START Excerpted records
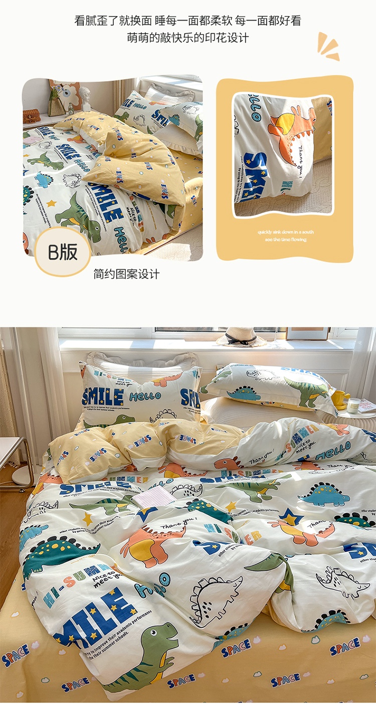 BOSS 2024新款小清新斜纹全棉四件套 恐龙漫画
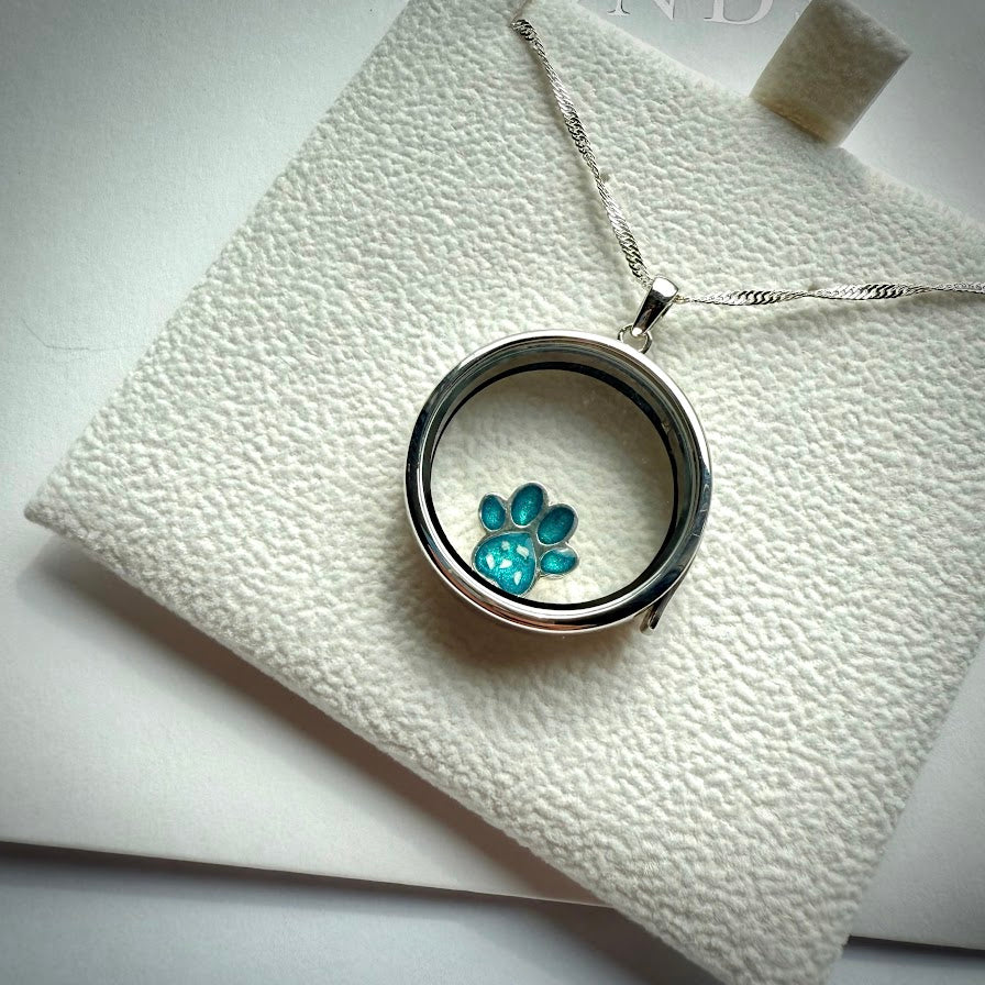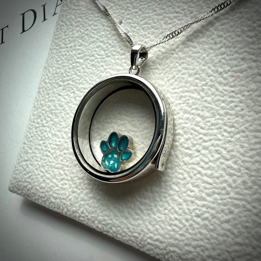 Round glass and .925 Silver locket & Paw Charm
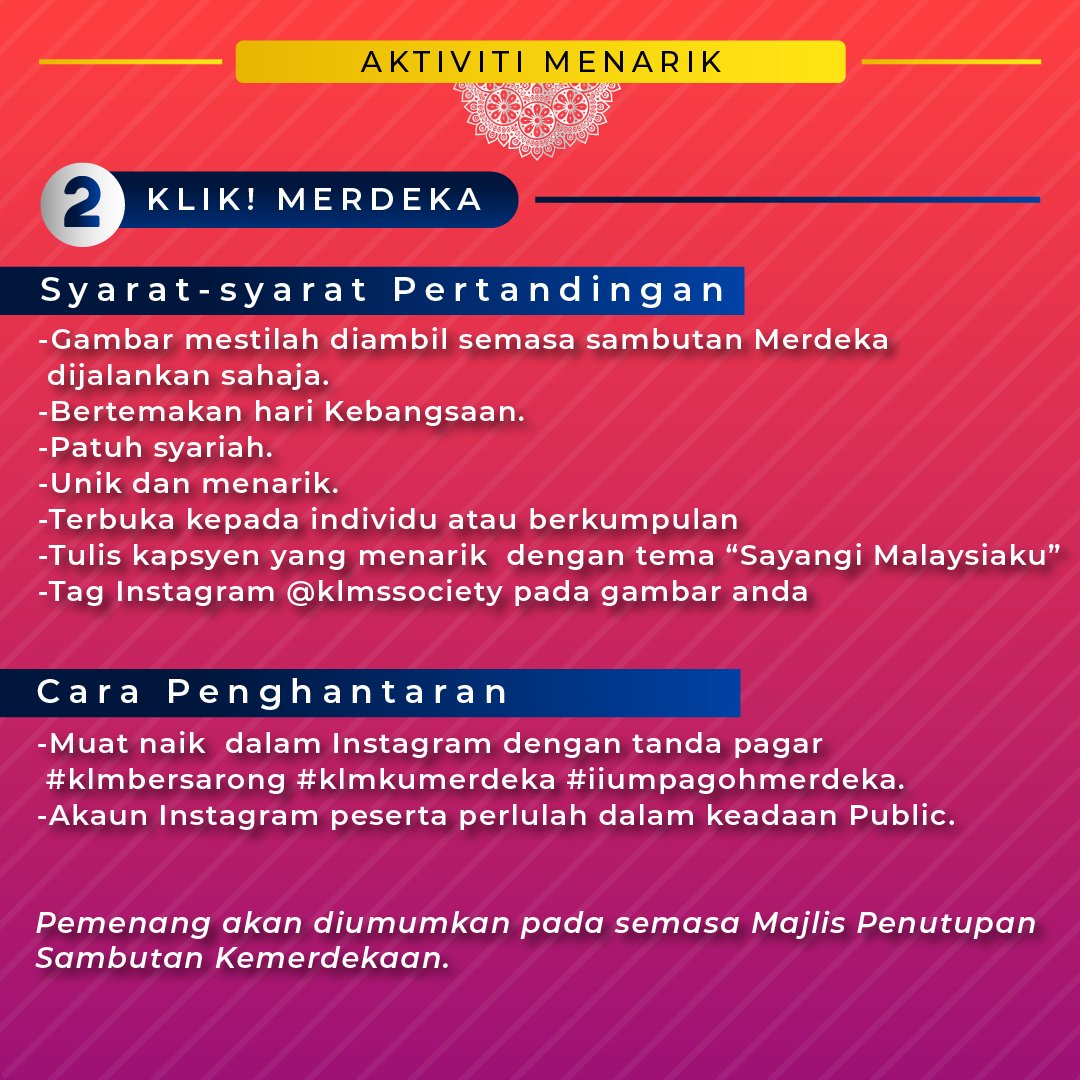 Related : Aktiviti Sambutan Hari Kemerdekaan - Aturcara Majlis Penutup Bulan Kemerdekaan - Dan actually aktiviti ni lagi best kalau office korang ada staff yang berbilang kaum..
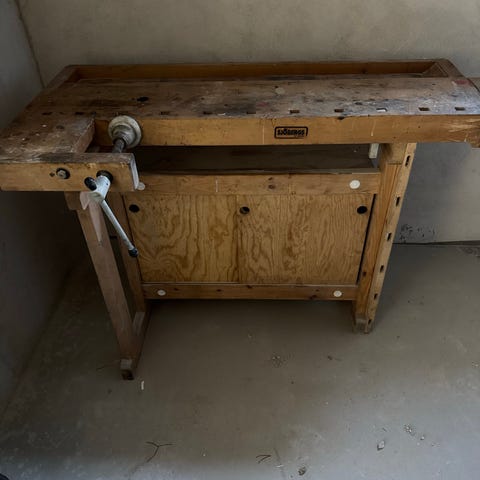 Slöjdbänk, sk ”trähäst” för hantverk i trämaterial. Justerbar tving för att kunna klämma fast olika ämnen. Hämtas, skickas ej.
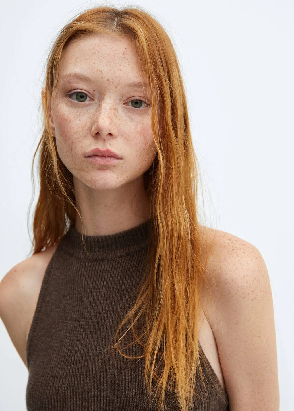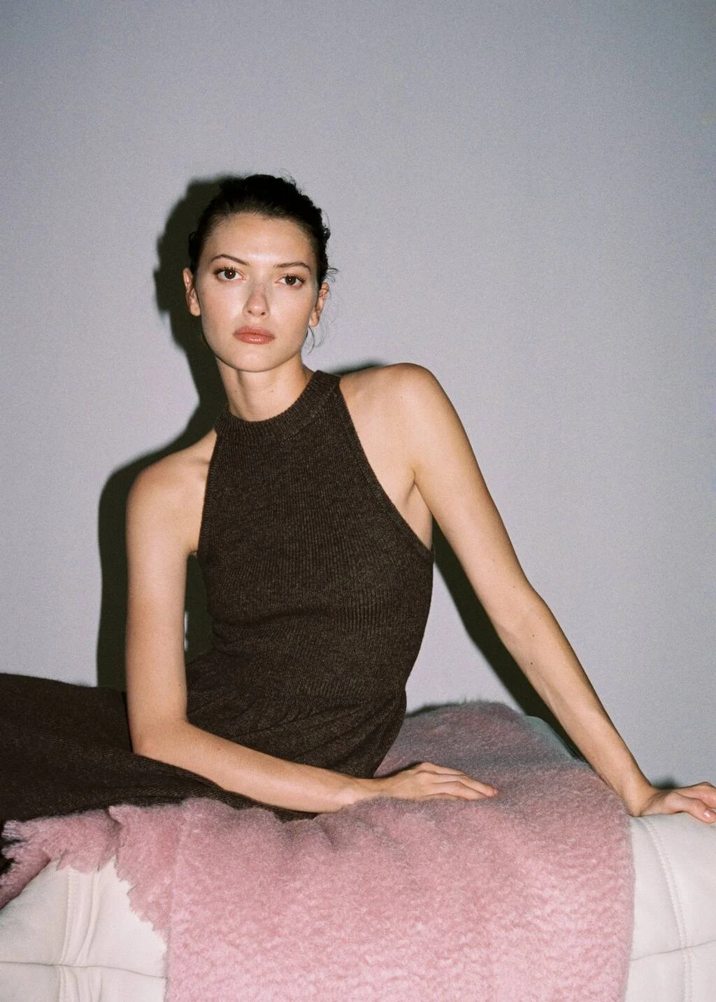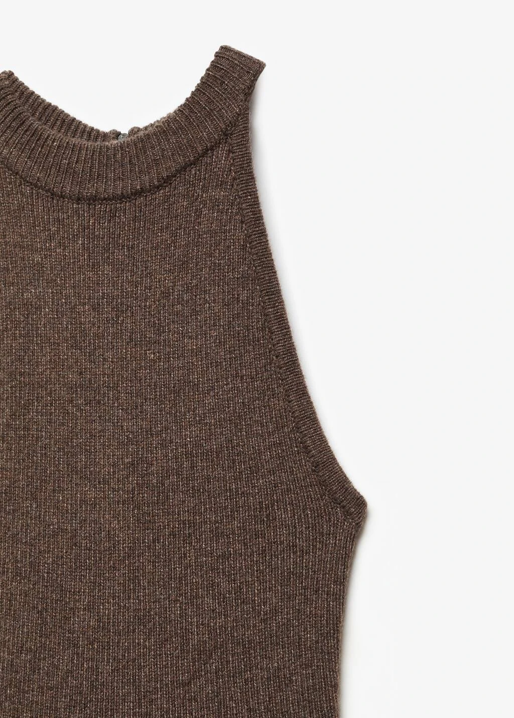 maille moyenne, coupe longue, emmanchures americaines, sans manches, fermeture eclair a l’arriereComposition: 55% polyamide,40% laine,5% cashmere
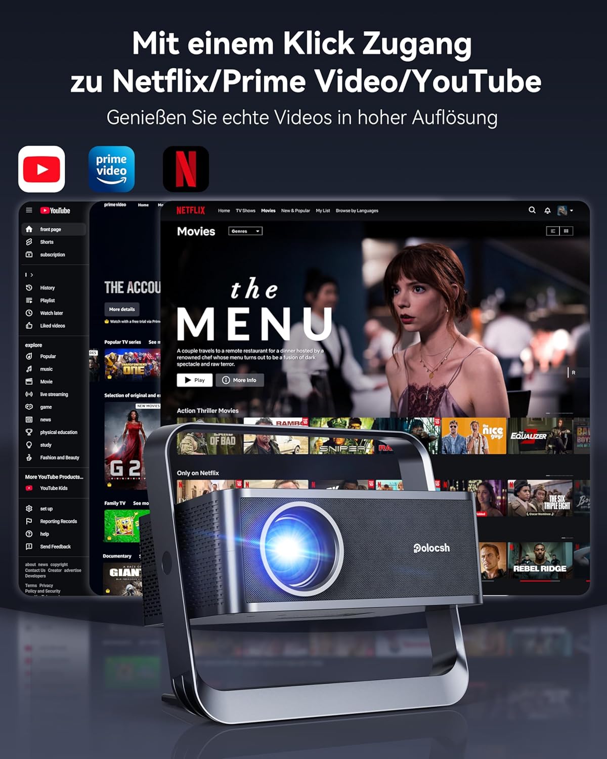 Grâce à ses 1500 ANSI Lumens et son système de correction automatique, ce modèle assure une projection nette et lumineuse en toutes circonstances. Ce vidéoprojecteur Youtube se distingue par sa compacité de 0,7 kg et sa connectivité WiFi 6 de dernière génération. L’intégration du focus électrique et du son Dolby Digital en fait un outil complet pour le home cinéma moderne.
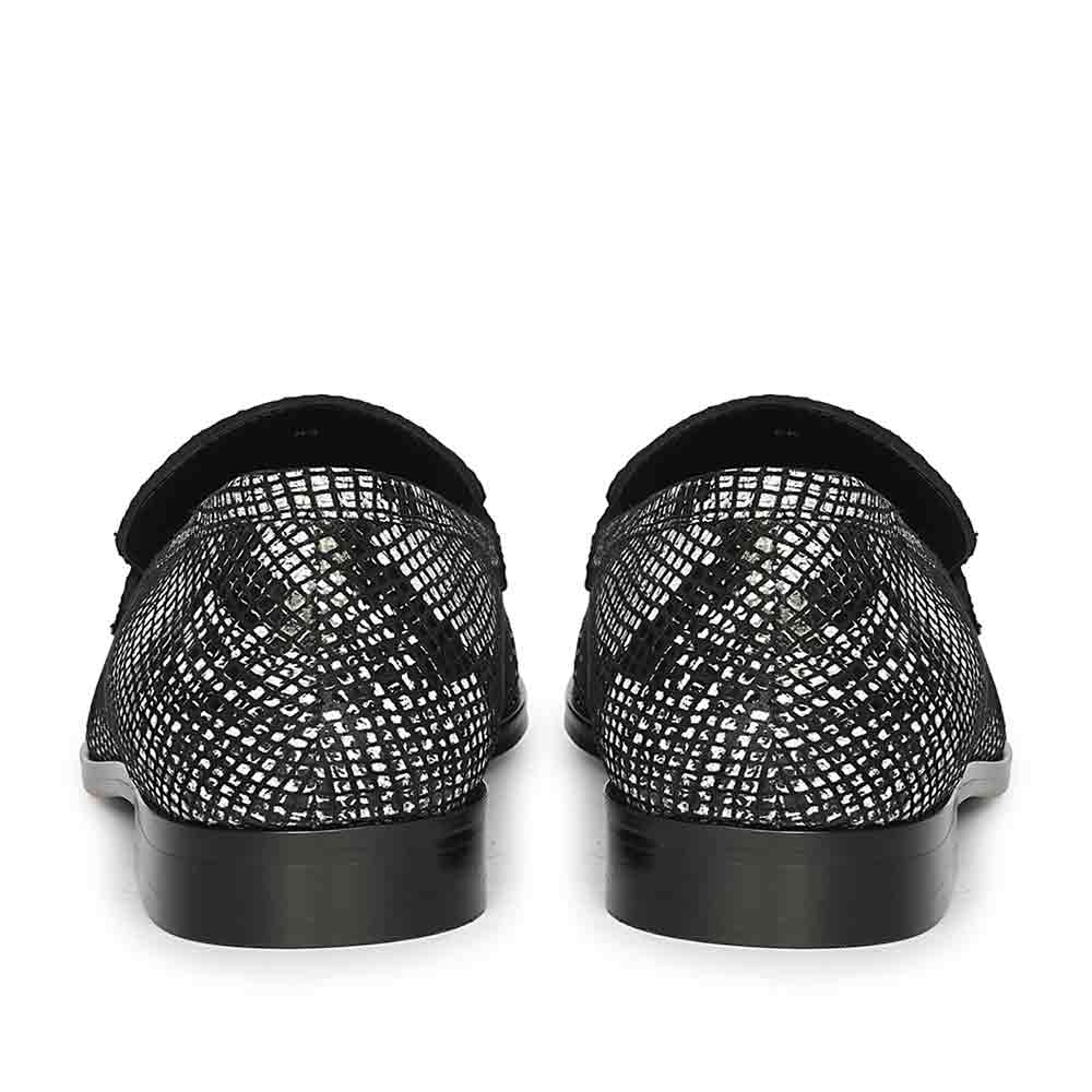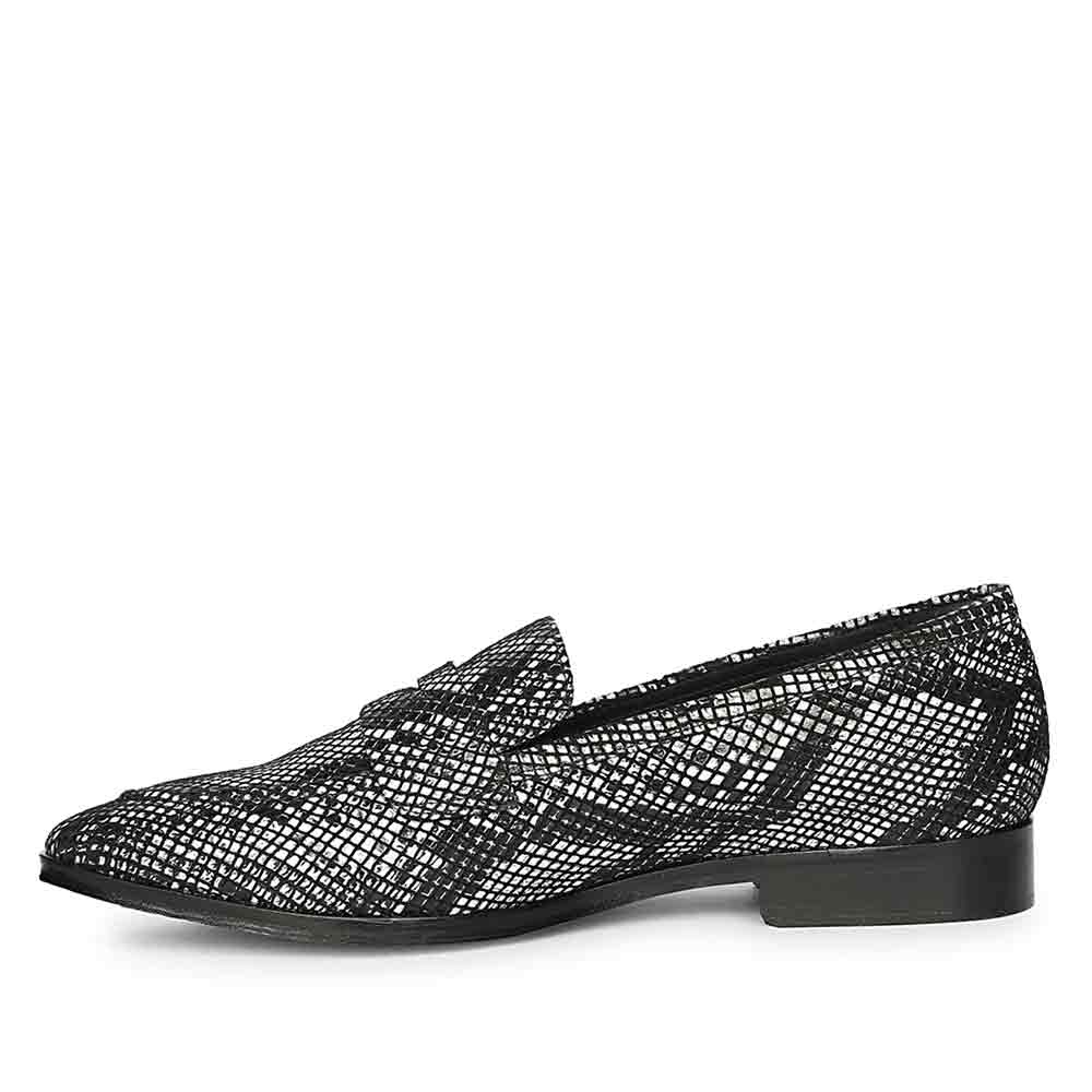 Saint Ellis White and Black Snake Print Leather Loafers.
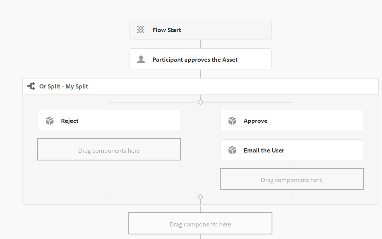 The process permissions step will provide me a result from an external end point. If the result is success, then I should carry out the steps defined in the "success" flow otherwise "Failure" flow should be invoked.
END Excerpted records
Reproduce the lines above beginning at the line that contains "Hämtas, skickas ej." and ending at the line that contains "maille moyenne, coupe". No pictures.

 Slöjdbänk, sk ”trähäst” för hantverk i trämaterial. Justerbar tving för att kunna klämma fast olika ämnen. Hämtas, skickas ej.
 maille moyenne, coupe longue, emmanchures americaines, sans manches, fermeture eclair a l’arriereComposition: 55% polyamide,40% laine,5% cashmere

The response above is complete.